The greater kernel number at low plant density in newer compared with older maize hybrids (Figure 6) is another distinctive trait improved in Argentinean maize hybrids; since no grain yield improvement at very low plant densities was reported for US and Canadian hybrids [3; 37]. Moreover, although newer Argentinean hybrids released in 2010 yielded more than hybrids released in 1993 in a range of plant densities between 5 to 14.5 plants m-2, the greatest grain yield improvement during the 1993-2010 period occurred at the lowest plant density (i.e. 5 plants m-2; 49).
A general model for kernel weight determination in maize is shown in Figure 7. Although kernel weight differed among hybrids it did not show a clear trend with the year of hybrid release .
Biomass accumulation in kernels begins shortly after fertilisation and it can be represented by a sigmoidal pattern in which a lag and a linear growth phase can be distinguished [58; 59]. Of the two components that determine final kernel weight (i.e. the kernel growth rate during the linear phase or effective grain filling period and the effective grain filling duration; Figure 7), kernel growth rate was the main component contributing to explain differences in kernel weight among hybrids released in different decades up to 1993 . Kernel growth rate is strongly correlated with number of endospermatic cells and starch granules, which in turn determine the potential kernel size [61-63]. This contention suggests underlying differences among hybrids in potential kernel weight.
Duration of the grain filling period, and in turn kernel weight, is affected by the ratio between assimilate availability (source) and the potential capacity of the ear to use the available assimilates (i.e. ear demand, sink) during the grain filling period (Figure 7; 29; 65; 67-71). Since under optimal growing conditions, hybrids differ in kernel number per plant but also in kernel growth rate or potential kernel weight ; the ear demand (i.e. sink) was better described by both, the number of kernels per ear and their potential kernel weight (i.e., ear demand = KNP x kernel growth rate) rather than by KNP alone as in previous works [64-68]. As such, ear demand was greater in newer than in older hybrids by means of a greater kernel number per plant or a large potential kernel weight .There was not a clear trend with the year of the hybrid release in source-sink ratio in non-limiting environments (i.e. optimum resources availability; 59). An enhanced source-sink ratio (i.e. calculating the sink as kernel number alone) has been indicated for Argentinean maize hybrids released between 1965 and 1997 . However, kernel weight reductions in response to source reductions due to defoliation during grain filling were greater in newer than in older hybrids (Figure 8a; 60). This response was associated with the greater ear demand relative to the source capacity in newer Argentinean maize hybrids (Figure 8b). Thus, if breeding for high yield potential continue increasing the ear demand without a proportional increment in total source capacity, kernel weight would be source limited and it will be more affected by source variations during the grain filling period in the newer maize hybrids. In agreement, ear demand of current Argentinean maize hybrids (i.e. released in 2010) was greater than that of maize hybrids released in 1993 . As such, ear demand increased at a rate of 1.13% year-1 during the last 45 years in Argentina; and kernel number was the main component influencing this increment rather than kernel growth rate . In contrast, source-sink ratios were greater for newer than for older Ontario maize hybrids for the 1959-2007 period . The increased functional “stay green” (i.e. capacity of a leaf to retain its photosynthetic rate during the grain filling period; 8) was the main factor underlying the larger source during the grain filling period in newer maize hybrids of the US corn belt and Ontario, Canada [1; 8; 17].

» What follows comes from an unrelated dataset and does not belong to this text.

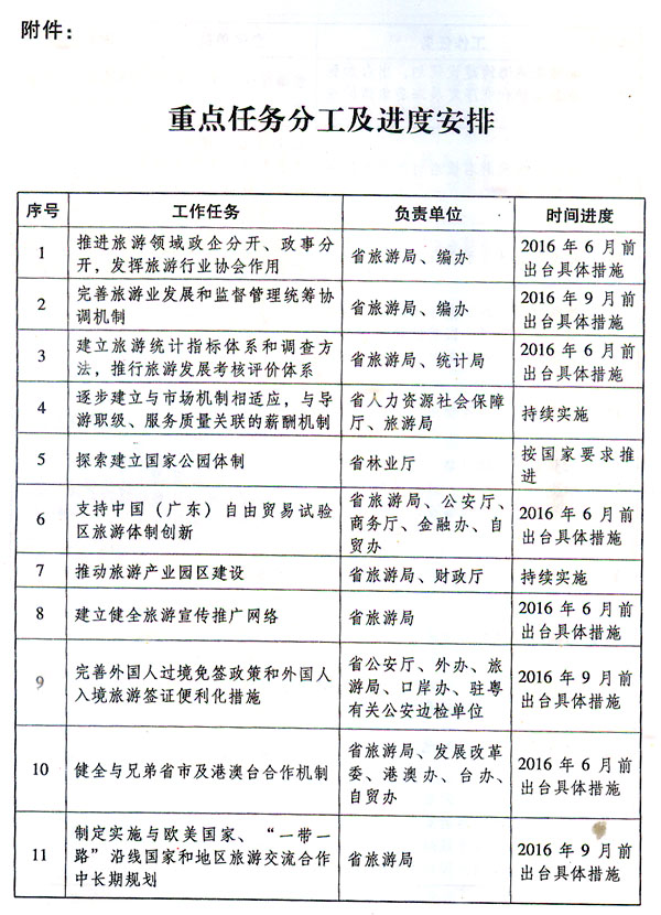 ?。ㄒ唬┥罨糜尉C合改革。加快推進旅游領域政企分開、政事分開,進一步發揮旅游行業協會作用,加強事中、事后監管。完善旅游業發展和管理統籌協調機制,促進旅游資源要素優化配置。深入實施《珠江三角洲地區旅游一體化規劃》,發揮廣州作為全國旅游綜合改革試點城市的引領作用,推進珠三角地區打造全國旅游綜合改革創新示范先行區,加快推進省級旅游綜合改革示范市和示范縣(區)的改革創新工作。積極爭取國家支持我省探索休假制度改革,探索建立國家公園體制。深化導游管理體制改革,逐步建立與市場機制相適應,與導游職級、服務質量相關聯的薪酬機制。建立旅游統計指標體系和旅游發展考核評價體系,推動實現旅游衛星賬戶模式常態化。加大中國(廣東)自由貿易試驗區旅游體制創新力度,支持區內港澳獨資旅行社經營內地居民出國(境)(不含臺灣地區)團隊旅游業務。?

The greater ear demand along with the genotypes used in the Argentinean maize breeding programs influenced the grain chemical quality of hybrids released in different decades . Protein concentration decreased with the year of the hybrid release in an environment without nitrogen (N) fertilization but it was not modified when N was applied (Table 1); soil N-NO3 level at V6 stage in this experiment was higher than the minimum required for maximum yield achievement (i.e. 27 ppm in this experiment versus a threshold of 24 ppm N-NO3 for maximum yield; 73). Protein concentration was negatively correlated with grain yield (r=-0.79, p=0.06) in agreement with previous findings [74-76]. The decline in protein concentration in kernels might have been the result of non-proportional increments of N and carbon fluxes to the kernels over the years. In addition, lower protein concentration in kernels were associated with low source-sink ratios [65; 77]. Similar trends in protein concentration over the years were reported for other crops [78; 79] and for US maize hybrids released during the period 1930-1991 . On the contrary, protein concentration in kernels increased in Canadian hybrids released in different decades . The increment in both, grain yield and protein concentration, might be associated with the increased source-sink ratio in Canadian maize hybrids . As well, similar protein concentration under high N availability in Argentinean maize hybrids released in different decades might have been related to N luxury consumption [81; 82]. Oil kernel concentration was stable in hybrids released between 1965 and 1984; but it was reduced in hybrids released in 1993 (r2=0.84, p<0.05, Figure 9). Oil is mainly located in the embryo [83; 84] and it is probable that the embryo-endosperm ratio has decreased with the year of the hybrid release. In agreement, embryo-endosperm ratio was greater in US hybrids selected for high oil concentration .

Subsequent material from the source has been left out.